UPDATE with JOIN on 100mm records, how to do this better? (in T-SQL)

I would take a different approach.

Instead of updating existing tables, just build a new table that has what you need in it.

This will almost certainly be faster:

SELECT DISTINCT
    AutoClassID,
    <Other fields>
INTO
    AutoDataImportStaging.dbo.Automobile
FROM
    AutoData.dbo.AutoClass

As currently written, there are a lot of logical operations happening:

  • Read all values of A.AutoClassName
  • Read all values of B.AutoClassName
  • Compare A and B values
  • Of the matching set, read all values of B.AutoClassID
  • Update existing values of A.AutoClassId to be the B.AutoClassId value through whatever indexes exist

You're trying to do this as a single (very large) transaction. Instead, do the update in smaller batches.

  • SET ROWCOUNT but note this is deprecated in 2012.
  • UPDATE TOP

You would also benefit from:

  • A temporary index on AutoData.dbo.AutoClass.AutoClassName
  • More RAM. Lot's more RAM.

Looping down the table one row at a time, will not be faster!

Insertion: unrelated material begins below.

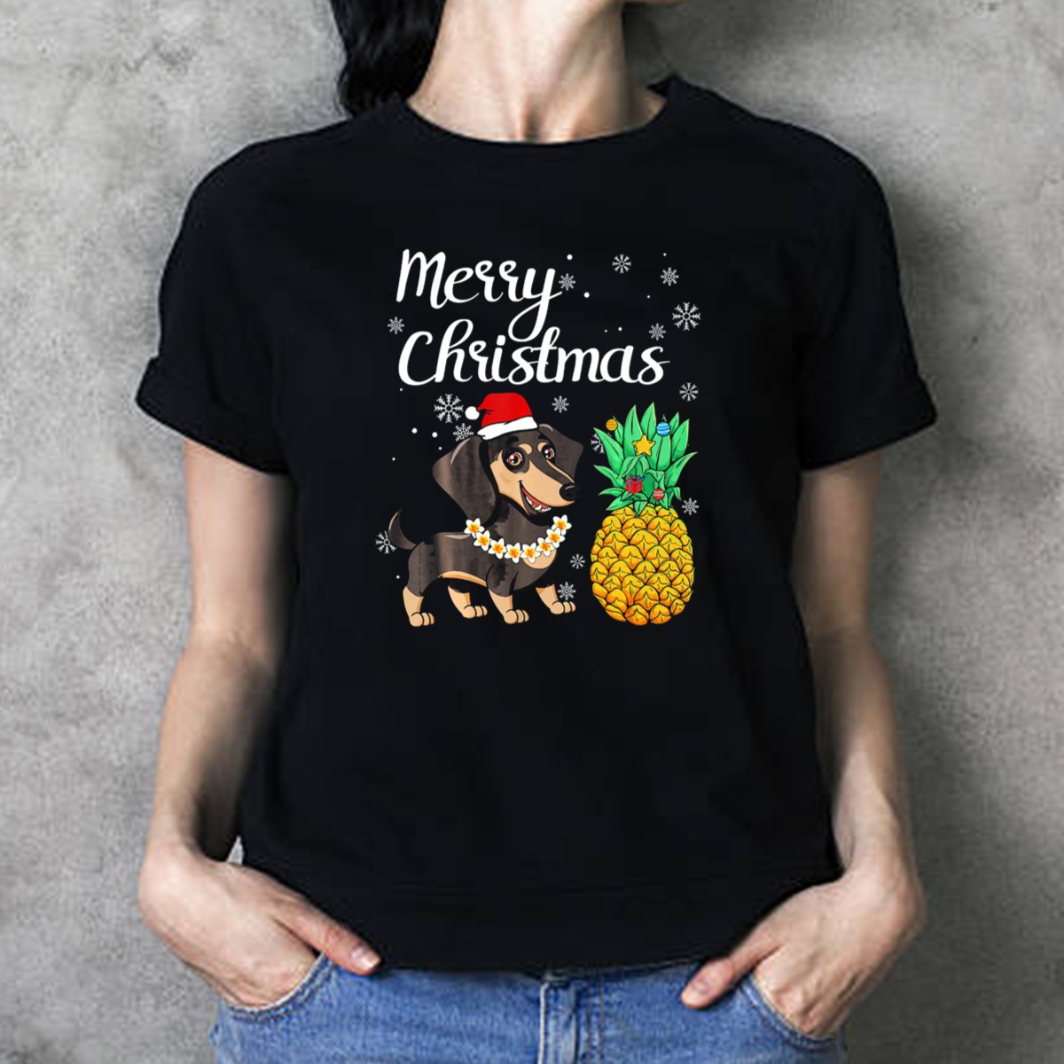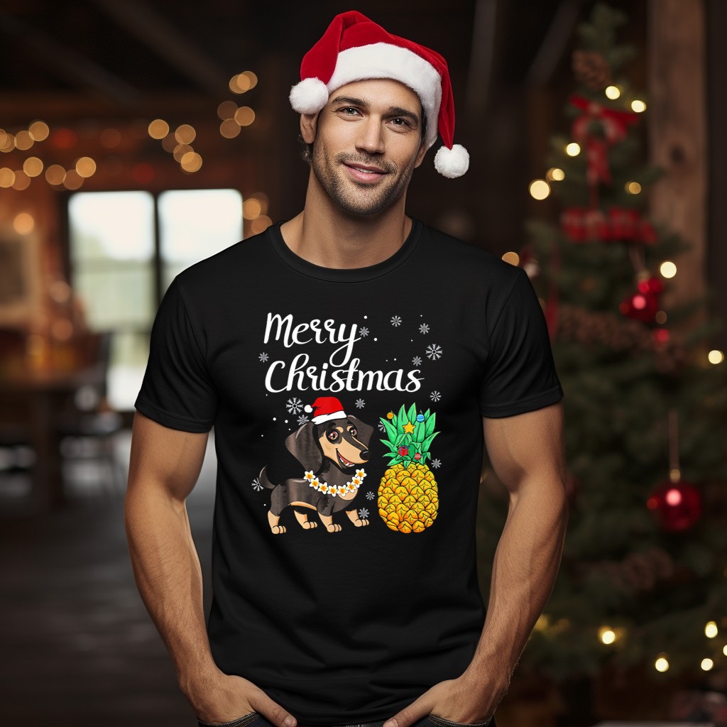 Celebrate the festive season in style with our Merry Christmas Dachshund Santa Hat Pineapple Snowflakes T-Shirt! Perfect for dog lovers and holiday enthusiasts alike, this fun and quirky design brings a playful twist to your Christmas wardrobe. Whether you’re attending a casual gathering, themed events, or just enjoying a cozy day at home, this shirt is sure to make you stand out while spreading holiday cheer. Made with a fan-made design and printed in the USA, it’s a unique addition to your all-season collection.

As suspected, and confirmed by you, this will be i/o bound - having one disk, the reads, write, transaction logs and (any) temp work space will all be competing for the same i/o.

Simple recovery will still log the transactions, but the log will be cleared by a checkpoint. It's possible that you initial log size and auto-growth settings are causing some i/o slow down - the transaction log will need to grow to accommodate the changes.

Have you tried indexing the AutoClassName field? How many different AutoClass values are there?

You may need to batch the updates, based on limitations of your i/o. So update 1 million, checkpoint, repeat....